Speaking at a company conference in Las Vegas on Monday, Lip-Bu Tan also said Donald Trump’s administration is prepared to help Intel as the federal government seeks to maintain US semiconductor leadership.
Tan, a longtime investor in the sector and former CEO of chip software company Cadence, was appointed to lead Intel earlier in March. His appointment followed a four-month search for a successor to Pat Gelsinger, who the board ousted in December.
Tan said his top priority would be “to recruit some of the best talent in the industry to come back or join Intel”, combined with a new culture of innovation that would see Intel act like a “day-one start-up”.
“Bureaucracy kills innovation,” he warned in his first public speech as CEO.
Intel has slashed some 15,000 employees since it announced cost-cutting measures in August as part of a plan to revive its fortunes.
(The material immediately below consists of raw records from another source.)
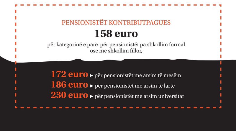 Këtu përfshihen vetëm pensionet e pensionistëve kontributpagues, numri i të cilëve sillet mbi 43 mijë vetë. Numri më i madh i pensioneve shkon për pensionistët e moshës, të cilët për muaj paguhen 75 euro.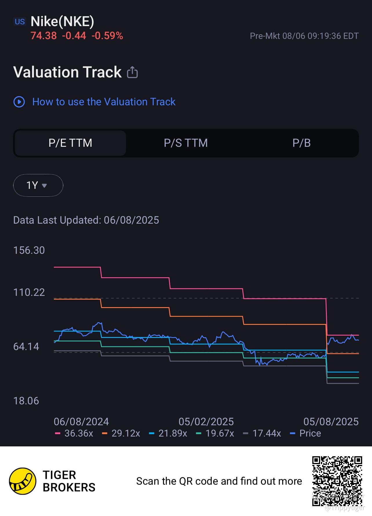 Valuation, though, is where the plot thickens. Nike’s P/E multiples have steadily compressed over the past year — the top end of the band collapsing from the 30s into the high teens. Price, meanwhile, has clawed back from its spring lows, wedged between the mid-range and the next valuation ceiling. Translation: the stock isn’t as frothy as it once was, but it’s not screaming cheap either.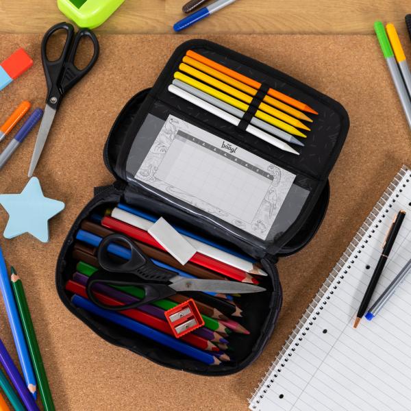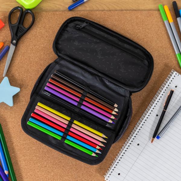 • Kompaktní penál na zip s prostornou hlavní přihrádkou a dvojitou klopou nabízí dostatek místa na psací potřeby a drobnosti.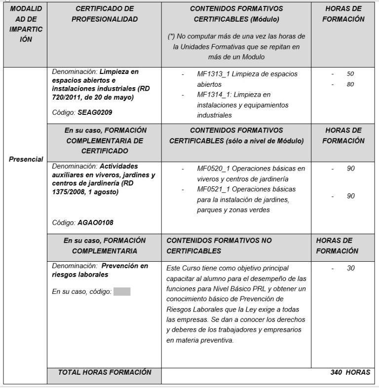 2. Programa de Cualificación Profesional: Dirigido al colectivo de desempleados mayores de 30 años inscritos en el INEM con 12 meses de antigüedad en los 18 últimos meses y que no tengan cualificación en el puesto a ocupar. Este programa tiene asociada la siguiente formación de certificado de profesionalidad y formación complementaria.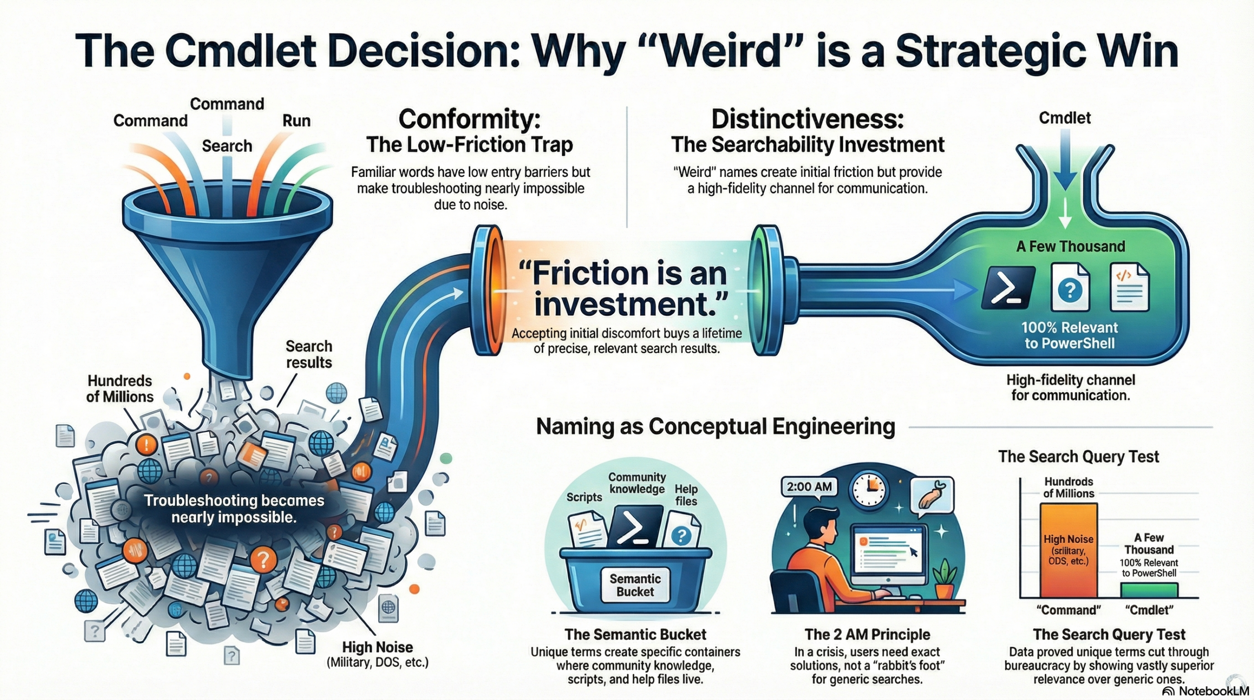 1️⃣ Distinctiveness beats conformity. “Cmdlet” wasn’t familiar, but it created a clear, searchable semantic bucket — a friction worth investing in.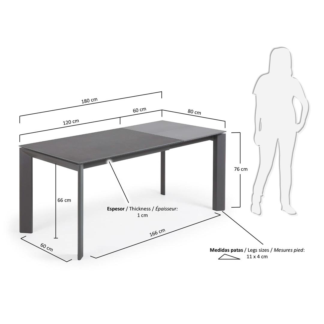 Стол La Forma (ех Julia Grup) Стол раскладной Atta 120(180) x80 антрацит, керамика Vulcano Roca арт. 052173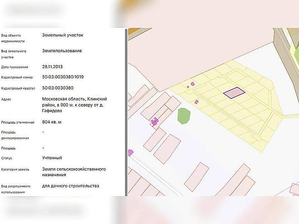 В рамках процедуры банкротства реализуется земельный участок по адресу: Московская область, Клинский район, в 900 м. к северу от д. ГафидовоКадастровый номер 50: 03: 0030380: 1019Площадь участка 804 кв. мКатегория земель Земли сельскохозяйственного назначенияВид разрешенного использования для дачного строительства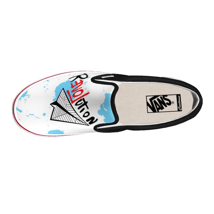 Now, Guy Stanley Philoche has partnered with Vans to design a limited-edition Classic Slip On shoe that will assist small businesses who have been affected by the COVID-19. The shoe will feature Philoche’s “reVOLution” symbol, which advocates for social change, as well as his signature paper airplane and the Connecticut Fairfield Comedy Club logo, the assistance recipient for this collaboration.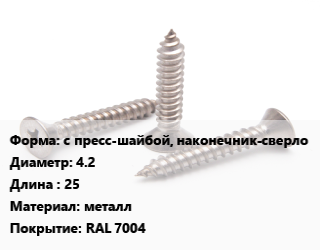 Саморез с пресс-шайбой, наконечник-сверло D=4.2 L=25 металл RAL 7004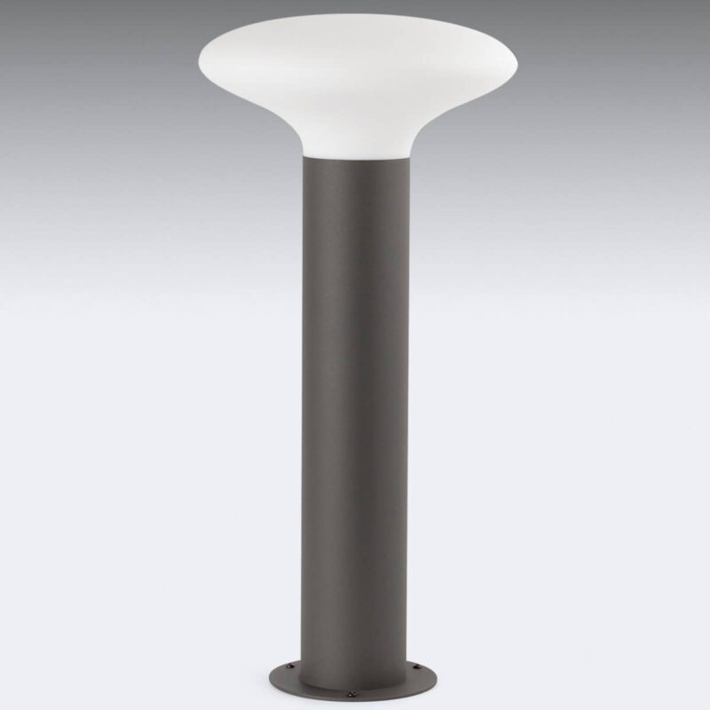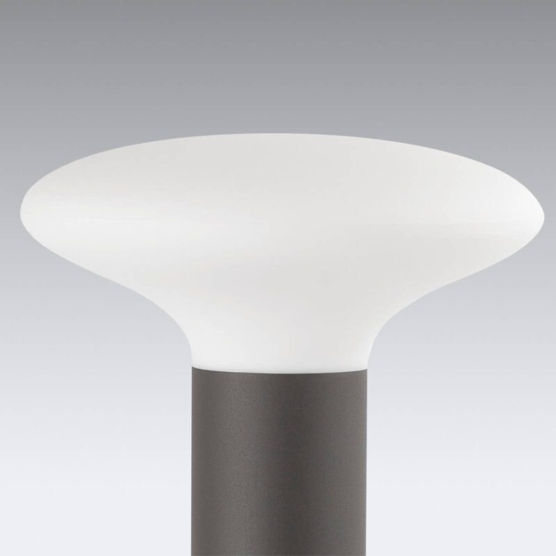 Blub`s – soklové svietidlo s dekoratívnym tienidlom na lampu Na valcovitom podstavci z hliníkového tlakového odliatka v tmavosivej farbe je osadené tienidlo na lampu z bieleho plastu, ktorý soklovému svietidlu Blub`s prepožičiava svoj špeciálny vzhľad. Prečnievajúce tienidlo na lampu je na podstavci osadené ako hríb alebo bublina, a preto vyžaruje svetlo do všetkých smerov, dokonca aj dole na zem. Biele tienidlo na lampu zaručuje neoslňujúce rovnomerné osvetlenie vytvorené vnútri LED žiarovkou (nie je súčasťou dodávky) tak, aby chodníky, príjazdové cesty, terasy alebo mnohé iné vonkajšie priestory boli osvetlené nielen jasne, ale aj úsporne.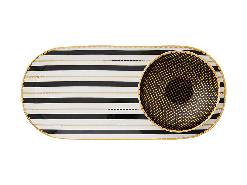 Add a dash of luxury to tea time with this Regency platter and dish set. A special edition release from our popular Teas & C’s collection, this elegant servingware is inspired by the beauty of Georgian architecture and Regency England. It’s perfect for serving light bites or morning tea, featuring a charming platter and matching dip bowl. With a striking look and details in real gold, it’s ideal for gifting and a must-have for any tea lover.
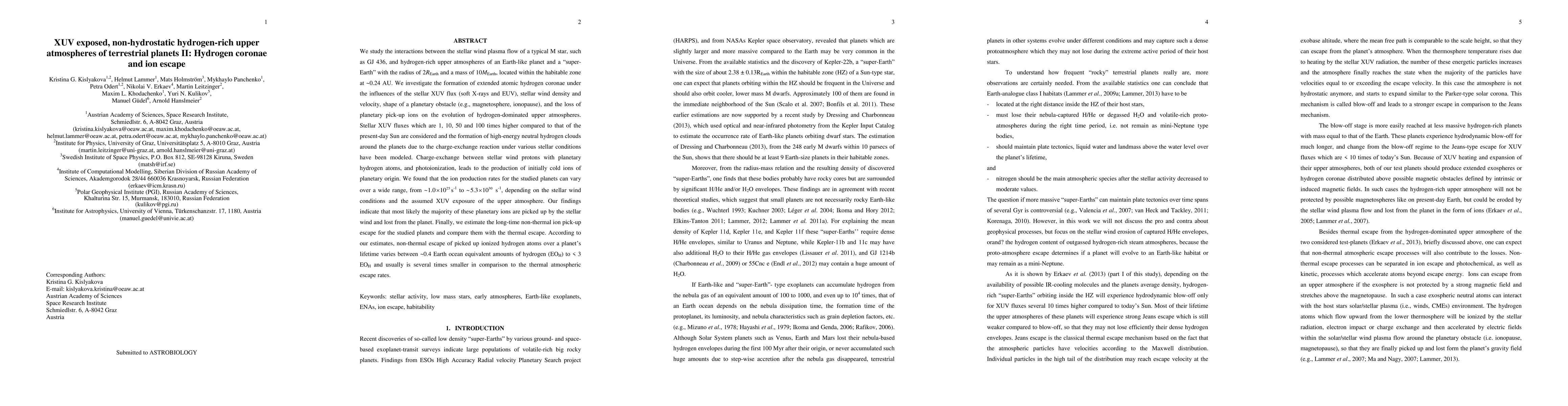 This paper investigates the interaction of stellar XUV flux and wind with the hydrogen-rich upper atmospheres of Earth-like and super-Earth planets, modeling the formation of hydrogen coronae and ion escape rates. The study finds that non-thermal ion escape is typically several times smaller than thermal escape, ranging from ~0.4 to <3 Earth ocean equivalent amounts of hydrogen over a planet's lifetime.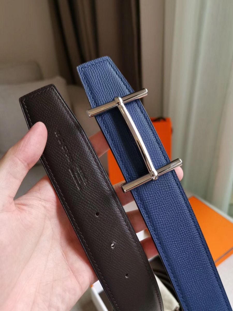 Hermes H d'Ancre Reversible Belt In Indigo/Black Epsom Leather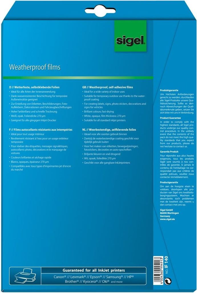 Sigel InkJet Film IF140 - Selbstklebende Folie - 150 Mikron - Opaque - A4 (210 x 297 mm) - 10 Blatt (IF140)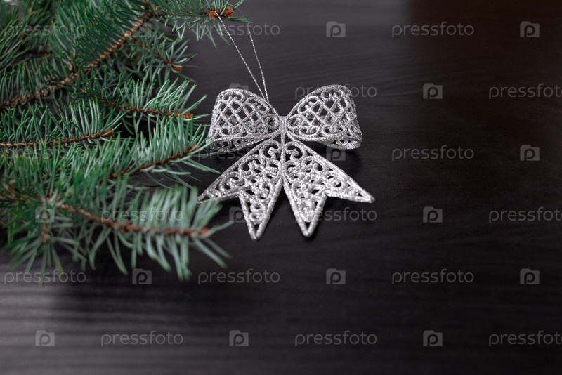 Еловая ветка, украшенная бантом на черном фоне

The group will also spin off some “non-core businesses”, Tan said, while reiterating the company’s commitment to remaining in the chip manufacturing business, which some investors have called on it to divest.
Tan said he was committed to building a “great foundry”, noting it would require him to foster relationships with “two or three very important customers”. Intel, he said, would “depend on them to help us”.
Tan did not name the customers, but the likes of Nvidia and Apple have yet to commit to Intel as a manufacturing partner.
The Trump administration has also explored options for helping Intel, and Tan said he would reach out to them for help.
“They are asking me: what can we help [with]? And definitely I will come to get their help to do what we need to do,” Tan said.
Gelsinger’s departure last year marked a deepening crisis at the group, as it struggles to compete with Taiwan Semiconductor Manufacturing Company in the manufacturing business, while lagging far behind rivals Nvidia and AMD in the artificial intelligence chip design space. Intel’s shares have dropped 49 per cent over the past year.
Tan said he was “not happy” with the company’s current position in the AI data centre chip space and that it would learn from “past mistakes”.